I have two data frames: SCR and matchedSCR. They each contain a list on protein headings. matchedSCR is a subset of SCR, created directly from SCR. The strings for the matchedSCR protein headings should thus be identical to their counterparts in SCR and be able to serve as an index that links them. However, when I try to match the records up, only a small portion of them match, no matter what method I use. The following all match about 6000 of what should be 17000 records.

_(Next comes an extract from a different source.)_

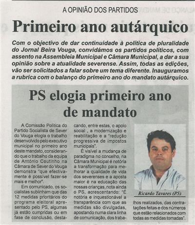 Primeiro ano autárquico : a opinião dos partidos : PS elogia primeiro ano de mandato / Beira Vouga

subset(SCR, (SCR$MESH_HEADING %in% matchedSCR$Heading))
SCR[SCR$MESH_HEADING %in% matchedSCR$Heading, ]
sqldf("select * from SCR join matchedSCR on SCR.MESH_HEADING=matchedSCR.Heading")
What is maddening is that I can find a missing line and match it by hand!
if(SCR$MESH_HEADING[64] == matchedSCR$Heading[2]) {print("T")}
[1] "T"
Matching SCR to a different subset dataframe, orthologSCR, created in almost precisely the same way from SCR, works perfectly, so I assume the problem is somehow with matchedSCR, but I cannot figure out why. It's just a single column of characters (not factors) like:
VisA protein, Streptomyces virginiae
VisB protein, Streptomyces virginiae
VisC protein, Streptomyces virginiae
VisD protein, Streptomyces virginiae
subpeptin JM-A, Bacillus subtilis
subpeptin JM-B, Bacillus subtilis
BT peptide antibiotic, Brevibacillus texasporus
LI-Fb peptide, Paenibacillus polymyxa
Can anyone suggest reasons these character comparisons might be failing? Would special characters trip things up for any reason in here? (They don't seem to matter when matching to the other subset data frame that is working.) What I really need is the unmatched data from SCR. I can generate this right now with an incredibly slow process based on the opposite of the complex selection that created matchedSCR, but I would really like to learn from the error I'm getting here so I don't encounter this again.